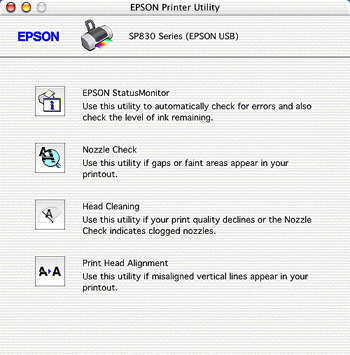 To use the utilities, double-click the EPSON Printer Utility icon in the Applications folder in Macintosh HD (by default setting), and then click the button for the utility that you want to use.
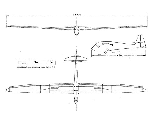 | Autres sources | Le planeur de performance B-6, Les Ailes n° 900 15 septembre 1938 p 13. Note + 3 photos + plan 3 vues |
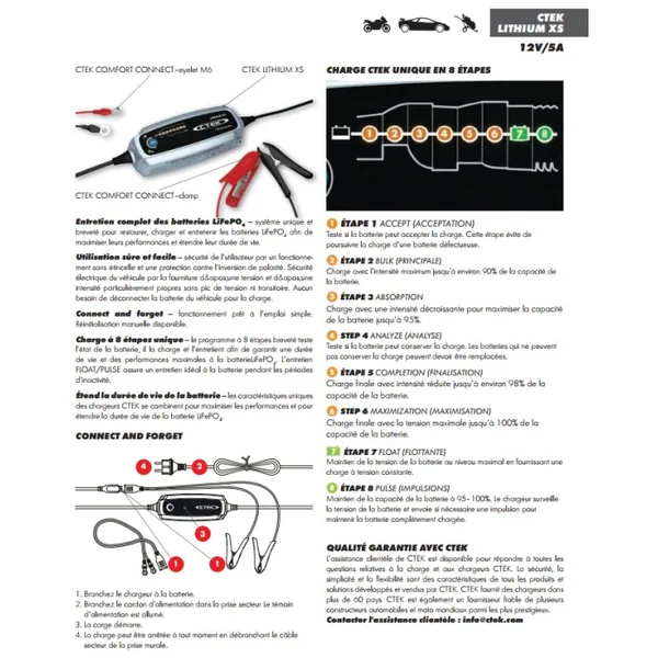 Le LITHIUM XS est un chargeur entièrement automatique « connect and forget » (brancher et oublier) à 8 étapes de charge incluant une séquence de test qui détermine si la batterie LiFePO4 peut accepter et conserver la charge, une étape de maximisation unique pour restaurer sa pleine capacité, et la charge d’entretien brevetée qui garantit les performances maximales même après des mois d’inactivité. Protégé des projections et de la poussière (IP65) le LITHIUM XS est d’un emploi facile et sûr, il protège l’électronique du véhicule, ne produit pas d’étincelle, est à l’épreuve de l’inversion de polarité et des courts-circuits. Le LITHIUM XS bénéficie d’une garantie de 5 ans. Caractéristiques Chargeur de batterie Ctek Lithium XS 12V 5A
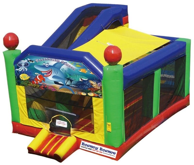 5 in 1 Shark Combo is a great inflatable that incorporates climbing, sliding, bouncing and basketball all in one incredible play structure.
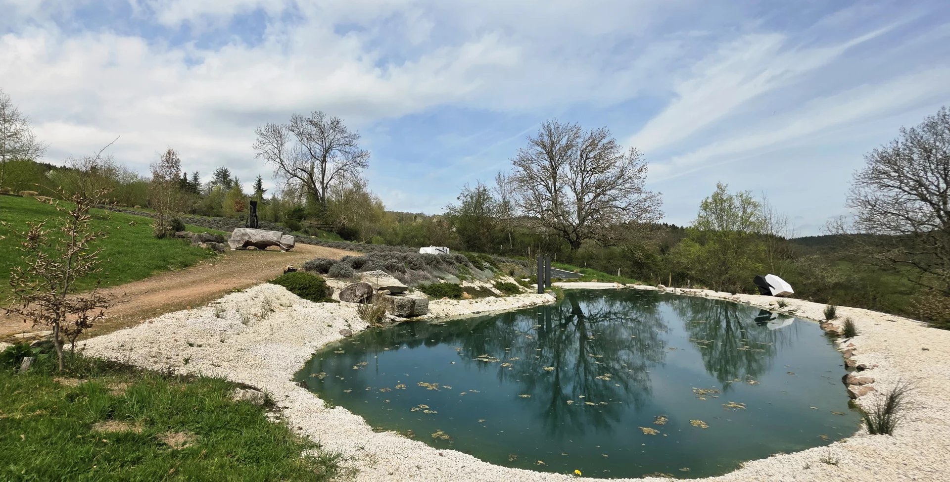 Le terrain de presque un hectare (9581 m2) est agrémenté de sources et d’un puits alimentant deux plans d’eau, dont le plus grand offre un beau potentiel pour création d'un bassin de nage. Actuellement, il accueille quelques carpes koï.
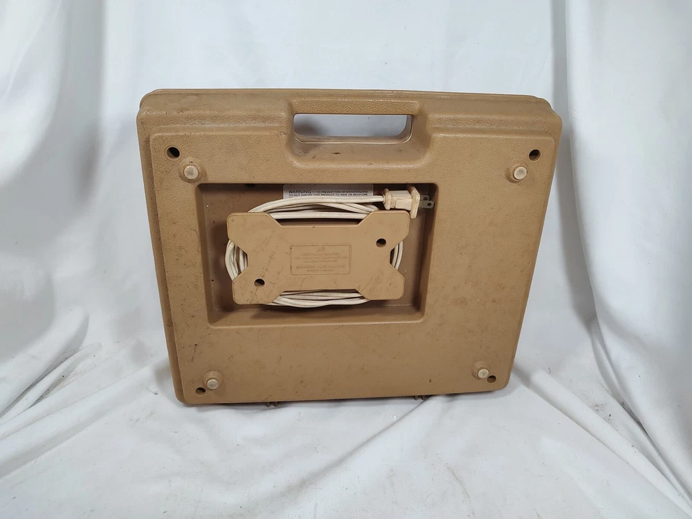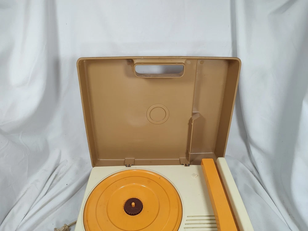 Outer case shows normal wear from use and storage. Record player works on both speeds and is in good condition. Please check pictures for overall wear and condition. Ships fast and safe.
========================================
● **Work to complete**: Reproduce the entries above exactly, though not their pictures.

● **Reply**:
 To use the utilities, double-click the EPSON Printer Utility icon in the Applications folder in Macintosh HD (by default setting), and then click the button for the utility that you want to use.
 | Autres sources | Le planeur de performance B-6, Les Ailes n° 900 15 septembre 1938 p 13. Note + 3 photos + plan 3 vues |
 Le LITHIUM XS est un chargeur entièrement automatique « connect and forget » (brancher et oublier) à 8 étapes de charge incluant une séquence de test qui détermine si la batterie LiFePO4 peut accepter et conserver la charge, une étape de maximisation unique pour restaurer sa pleine capacité, et la charge d’entretien brevetée qui garantit les performances maximales même après des mois d’inactivité. Protégé des projections et de la poussière (IP65) le LITHIUM XS est d’un emploi facile et sûr, il protège l’électronique du véhicule, ne produit pas d’étincelle, est à l’épreuve de l’inversion de polarité et des courts-circuits. Le LITHIUM XS bénéficie d’une garantie de 5 ans. Caractéristiques Chargeur de batterie Ctek Lithium XS 12V 5A
 5 in 1 Shark Combo is a great inflatable that incorporates climbing, sliding, bouncing and basketball all in one incredible play structure.
 Le terrain de presque un hectare (9581 m2) est agrémenté de sources et d’un puits alimentant deux plans d’eau, dont le plus grand offre un beau potentiel pour création d'un bassin de nage. Actuellement, il accueille quelques carpes koï.
 Outer case shows normal wear from use and storage. Record player works on both speeds and is in good condition. Please check pictures for overall wear and condition. Ships fast and safe.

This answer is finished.